» YOUR GOAL:
Return the lines of the data below starting at the one holding "[SL] 10M/100M Switch" and ending at the one holding "では、採用企業は異業種からの", word for word, leaving every picture out.

» DATA PROVIDED:
((
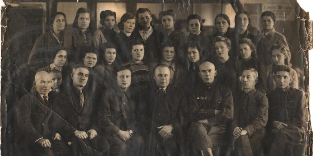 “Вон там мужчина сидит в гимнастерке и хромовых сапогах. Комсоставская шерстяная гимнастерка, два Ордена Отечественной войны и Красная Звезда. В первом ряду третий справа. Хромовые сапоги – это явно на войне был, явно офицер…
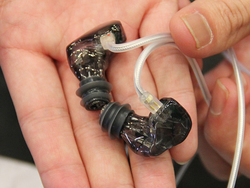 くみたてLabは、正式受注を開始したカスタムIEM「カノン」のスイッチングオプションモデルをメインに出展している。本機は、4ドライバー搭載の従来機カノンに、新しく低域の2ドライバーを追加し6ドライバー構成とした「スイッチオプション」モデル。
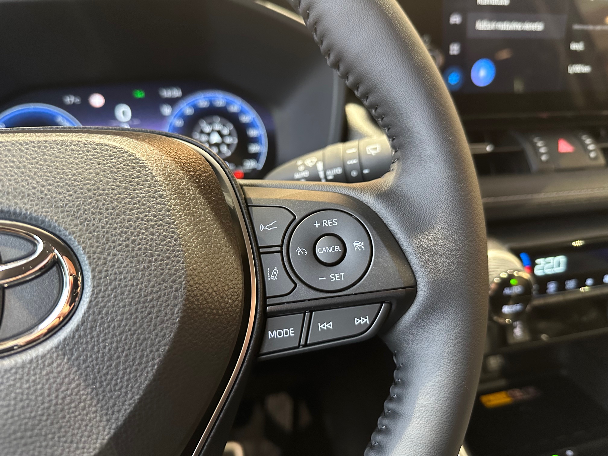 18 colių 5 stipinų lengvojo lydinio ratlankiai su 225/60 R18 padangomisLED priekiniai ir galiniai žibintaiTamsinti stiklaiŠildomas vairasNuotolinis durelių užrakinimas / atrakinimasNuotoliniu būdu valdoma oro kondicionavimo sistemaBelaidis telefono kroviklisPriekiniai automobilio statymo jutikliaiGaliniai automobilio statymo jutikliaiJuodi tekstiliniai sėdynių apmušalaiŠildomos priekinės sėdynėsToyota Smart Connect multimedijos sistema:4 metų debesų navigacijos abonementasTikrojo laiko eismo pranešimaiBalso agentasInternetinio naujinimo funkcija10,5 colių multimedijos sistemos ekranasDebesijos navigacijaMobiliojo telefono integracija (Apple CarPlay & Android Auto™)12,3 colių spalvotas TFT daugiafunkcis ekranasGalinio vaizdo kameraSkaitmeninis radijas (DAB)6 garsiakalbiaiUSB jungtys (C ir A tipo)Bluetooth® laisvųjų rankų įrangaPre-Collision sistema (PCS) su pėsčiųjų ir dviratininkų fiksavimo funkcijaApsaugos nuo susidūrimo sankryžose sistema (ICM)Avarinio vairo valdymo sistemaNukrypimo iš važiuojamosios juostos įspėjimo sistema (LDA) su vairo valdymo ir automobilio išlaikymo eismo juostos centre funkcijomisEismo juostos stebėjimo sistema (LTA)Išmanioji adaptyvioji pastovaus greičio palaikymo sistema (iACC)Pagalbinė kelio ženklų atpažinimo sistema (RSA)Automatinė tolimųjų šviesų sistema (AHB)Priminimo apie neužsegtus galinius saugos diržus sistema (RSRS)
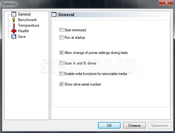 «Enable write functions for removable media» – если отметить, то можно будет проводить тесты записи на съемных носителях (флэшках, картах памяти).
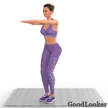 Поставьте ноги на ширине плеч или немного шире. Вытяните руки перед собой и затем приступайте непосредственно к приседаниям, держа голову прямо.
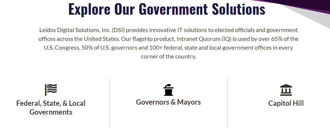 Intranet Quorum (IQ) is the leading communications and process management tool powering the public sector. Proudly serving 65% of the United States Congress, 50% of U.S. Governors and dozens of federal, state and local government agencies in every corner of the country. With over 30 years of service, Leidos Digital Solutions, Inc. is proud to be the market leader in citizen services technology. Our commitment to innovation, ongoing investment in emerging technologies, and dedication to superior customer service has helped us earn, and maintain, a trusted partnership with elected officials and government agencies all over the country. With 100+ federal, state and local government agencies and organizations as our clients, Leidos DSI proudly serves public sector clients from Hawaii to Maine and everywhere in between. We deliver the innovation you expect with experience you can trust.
))
((
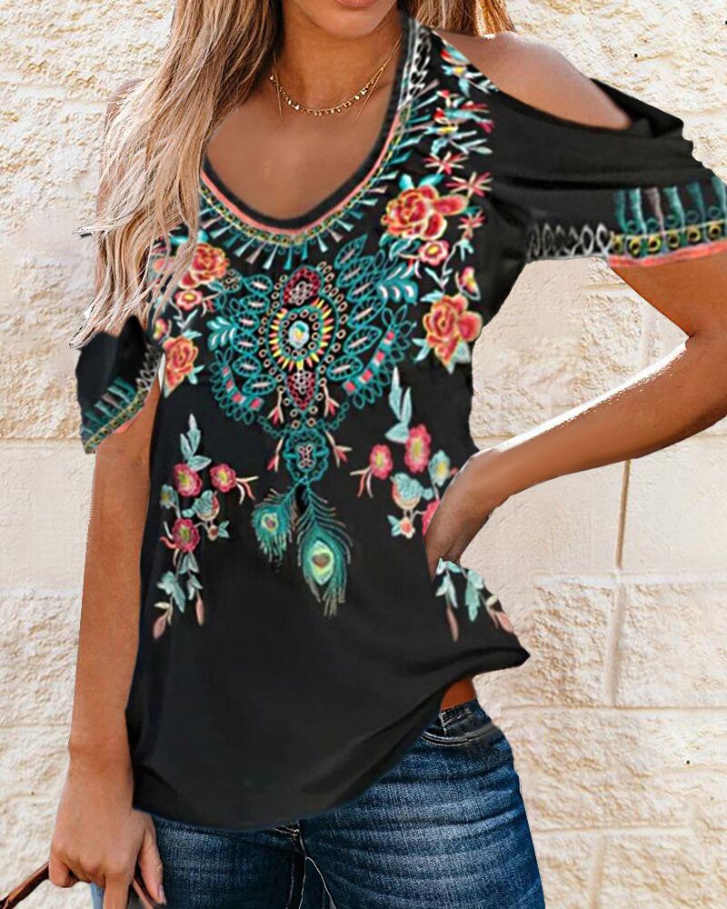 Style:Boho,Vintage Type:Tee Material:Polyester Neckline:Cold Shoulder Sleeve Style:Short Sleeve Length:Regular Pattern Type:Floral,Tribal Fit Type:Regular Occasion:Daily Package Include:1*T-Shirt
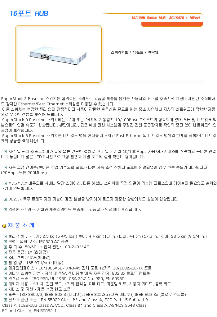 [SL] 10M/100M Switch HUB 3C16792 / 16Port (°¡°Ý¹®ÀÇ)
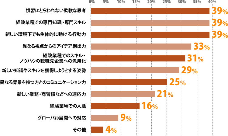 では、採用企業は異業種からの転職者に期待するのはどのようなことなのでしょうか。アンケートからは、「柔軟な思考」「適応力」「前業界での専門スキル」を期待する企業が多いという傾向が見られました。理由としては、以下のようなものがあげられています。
))
» REPLY:
 [SL] 10M/100M Switch HUB 3C16792 / 16Port (°¡°Ý¹®ÀÇ)
 では、採用企業は異業種からの転職者に期待するのはどのようなことなのでしょうか。アンケートからは、「柔軟な思考」「適応力」「前業界での専門スキル」を期待する企業が多いという傾向が見られました。理由としては、以下のようなものがあげられています。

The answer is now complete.